- **Task instructions**: Output the whole listing exactly, except for the pictures in it.

- **Available data**:
[Start of Attachment]
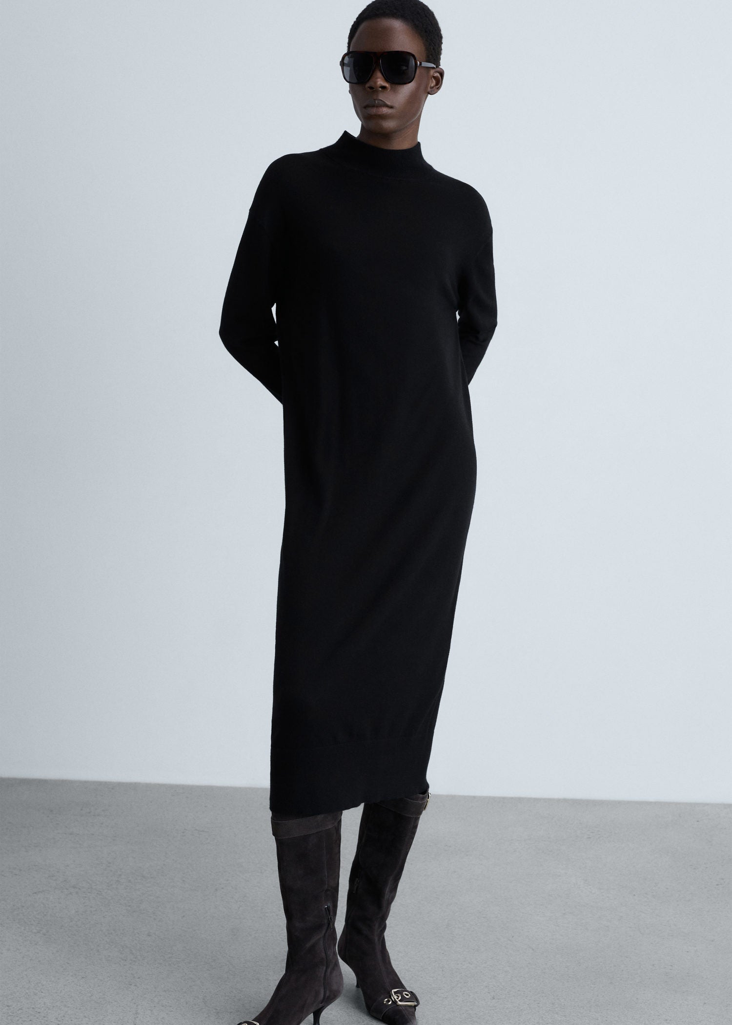 Tejido de punto fino,Sin cierre,Diseño recto,Sin forro interior,Cuello alto,Diseño midi,Diseño largo,Cuello perkins,Manga larga,Terminaciones en canalé
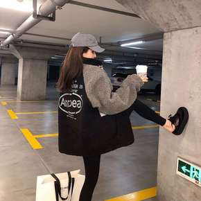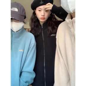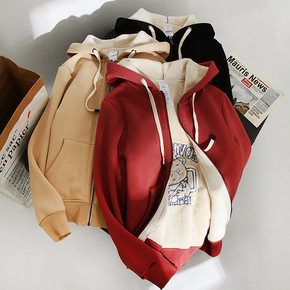 加绒加厚羊羔绒卫衣女立领拼色显瘦学生拉链秋冬宽松上...
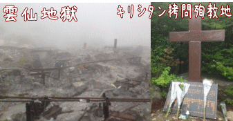 その後、雲仙普賢岳の土石流災害で知られる雲仙に、キリシタンを拷問にかけた雲仙地獄があります。棄教を迫るために、フツフツと沸く湯の中に沈めたり、熱湯をかけたりして、棄教しないキリシタンは殉教していきました。高い場所にあるため、霧がひどく、数メートル先も見えないほどでした。
[End of Attachment]
- **Task answer**:
 Tejido de punto fino,Sin cierre,Diseño recto,Sin forro interior,Cuello alto,Diseño midi,Diseño largo,Cuello perkins,Manga larga,Terminaciones en canalé
 加绒加厚羊羔绒卫衣女立领拼色显瘦学生拉链秋冬宽松上...
 その後、雲仙普賢岳の土石流災害で知られる雲仙に、キリシタンを拷問にかけた雲仙地獄があります。棄教を迫るために、フツフツと沸く湯の中に沈めたり、熱湯をかけたりして、棄教しないキリシタンは殉教していきました。高い場所にあるため、霧がひどく、数メートル先も見えないほどでした。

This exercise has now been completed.